## Task instructions
Each line of the listing, apart from the pictures, is to be printed exactly.

## Information shown
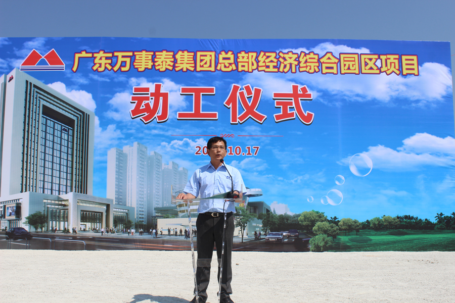 10月17日上午,云浮市政协主席黄达辉、市人大常委会常务副主任黄伙有、新兴县委书记、人大常委会主任叶锐、县委副书记、县长唐谊、县政协主席梁国华、县政协党组书记区耀启、县委副书记陈就庆、县人大常委会常务务副主任梁锦钊等县四套班子领导约70余人出席了万事泰集团总部经济综合园区项目动工仪式,集团管理人员代表近200人参加了此次活动。
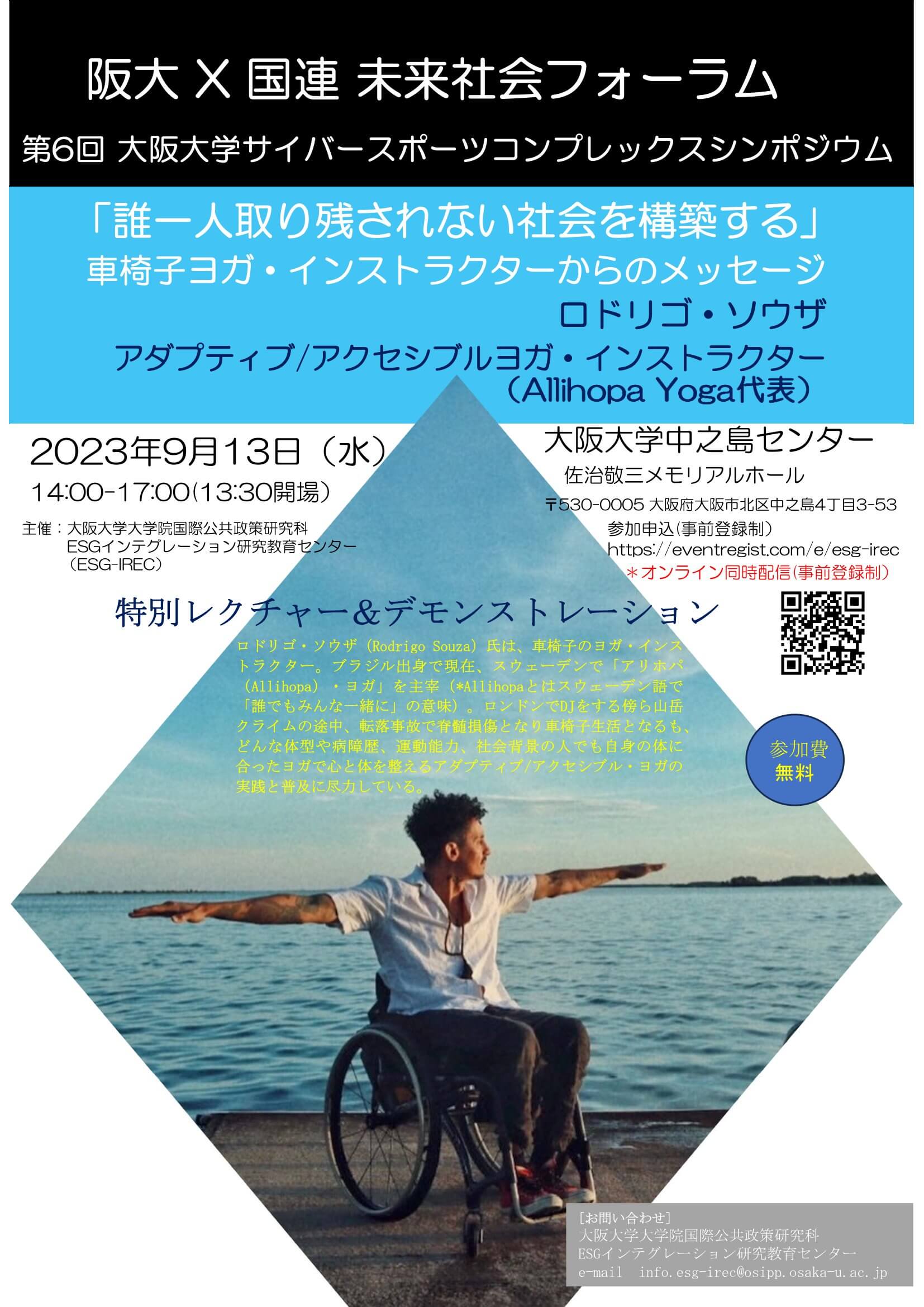 そこで、 来たる2023年9月13日には、 山岳転落事故で車椅子生活になりながらもヨガインストラクターとして自立し、アダプティブ/アクセシブル・ヨガ指導者として世界でご活躍のロドリゴ・ソウザ氏をお招きし、「障がいがあってもヨガも呼吸法も実践できる、そして、インストラクターとして他者の力にもなれる」という力強いメッセージが込められた特別レクチャーを開催します。また、実際に車椅子インストラクターの導きによって一緒に心と体に響き渡るヨガを体験した後、私たちが産官学民で連携し、いかなる意識変革や行動変容につなげていくか、ラウンドテーブル・ディスカションを行います。
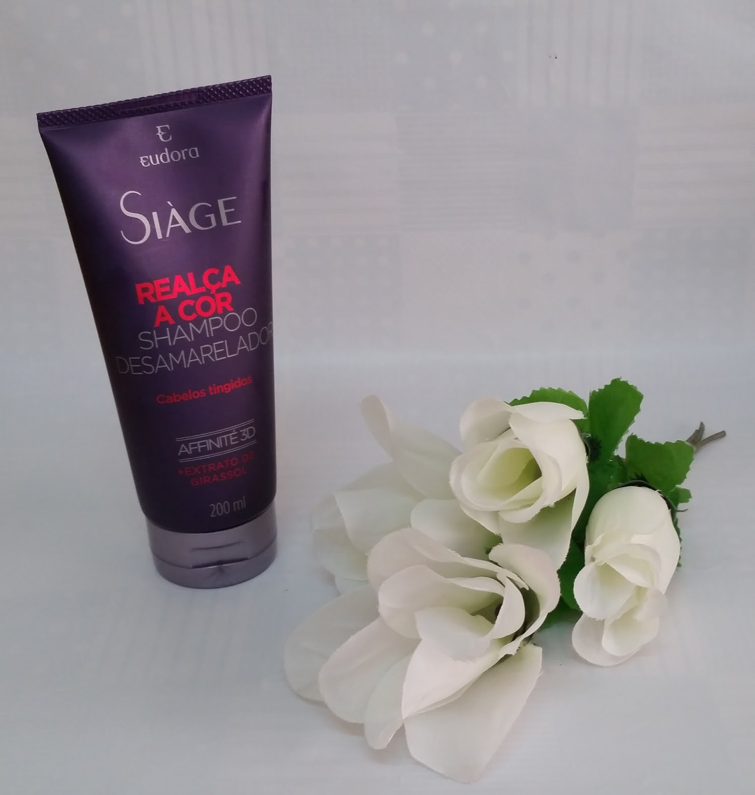 O que diz a marca: "SE SEUS CABELOS PEDEM POR REALCE DA COR: EUDORA SIÀGE REALÇA A COR. Diminui e previne o reflexo amarelado a partir do primeiro uso. Enriquecido com Extrato de Girassol conhecido pelo seu alto poder antioxidante, o Shampoo Desamarelador Eudora Siàge Realça a Cor limpa sem ressecar, realça a cor, evita o reflexo amarelado em cabelos loiros ou brancos. Seus cabelos com mais brilho e cor intensa."
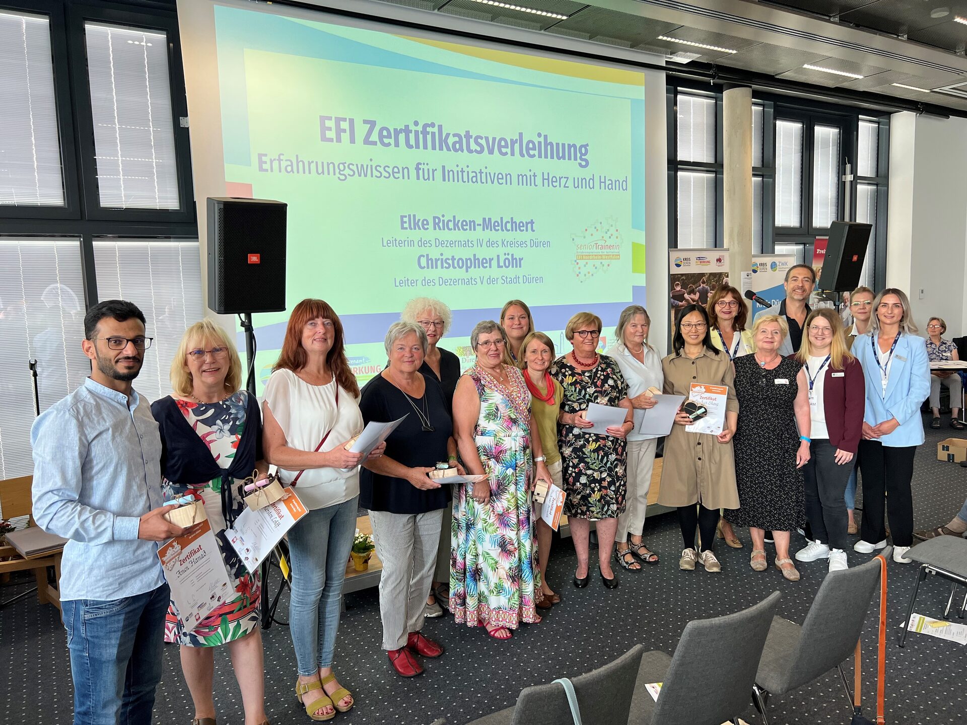 Zehn neu ausgebildete Senior-Trainerinnen und -Trainer erhielten beim ersten "Markt der Möglichkeiten" ihr Zertifikat für "Erfahrungswissen für Initiativen", kurz EFI. 230 Menschen aus dem Kreisgebiet besuchten den "Markt der Möglichkeiten", der die Bedeutung und Vielfalt von Engagement im Kreis Düren sichtbar gemacht hat.

## Reply
 10月17日上午,云浮市政协主席黄达辉、市人大常委会常务副主任黄伙有、新兴县委书记、人大常委会主任叶锐、县委副书记、县长唐谊、县政协主席梁国华、县政协党组书记区耀启、县委副书记陈就庆、县人大常委会常务务副主任梁锦钊等县四套班子领导约70余人出席了万事泰集团总部经济综合园区项目动工仪式,集团管理人员代表近200人参加了此次活动。
 そこで、 来たる2023年9月13日には、 山岳転落事故で車椅子生活になりながらもヨガインストラクターとして自立し、アダプティブ/アクセシブル・ヨガ指導者として世界でご活躍のロドリゴ・ソウザ氏をお招きし、「障がいがあってもヨガも呼吸法も実践できる、そして、インストラクターとして他者の力にもなれる」という力強いメッセージが込められた特別レクチャーを開催します。また、実際に車椅子インストラクターの導きによって一緒に心と体に響き渡るヨガを体験した後、私たちが産官学民で連携し、いかなる意識変革や行動変容につなげていくか、ラウンドテーブル・ディスカションを行います。
 O que diz a marca: "SE SEUS CABELOS PEDEM POR REALCE DA COR: EUDORA SIÀGE REALÇA A COR. Diminui e previne o reflexo amarelado a partir do primeiro uso. Enriquecido com Extrato de Girassol conhecido pelo seu alto poder antioxidante, o Shampoo Desamarelador Eudora Siàge Realça a Cor limpa sem ressecar, realça a cor, evita o reflexo amarelado em cabelos loiros ou brancos. Seus cabelos com mais brilho e cor intensa."
 Zehn neu ausgebildete Senior-Trainerinnen und -Trainer erhielten beim ersten "Markt der Möglichkeiten" ihr Zertifikat für "Erfahrungswissen für Initiativen", kurz EFI. 230 Menschen aus dem Kreisgebiet besuchten den "Markt der Möglichkeiten", der die Bedeutung und Vielfalt von Engagement im Kreis Düren sichtbar gemacht hat.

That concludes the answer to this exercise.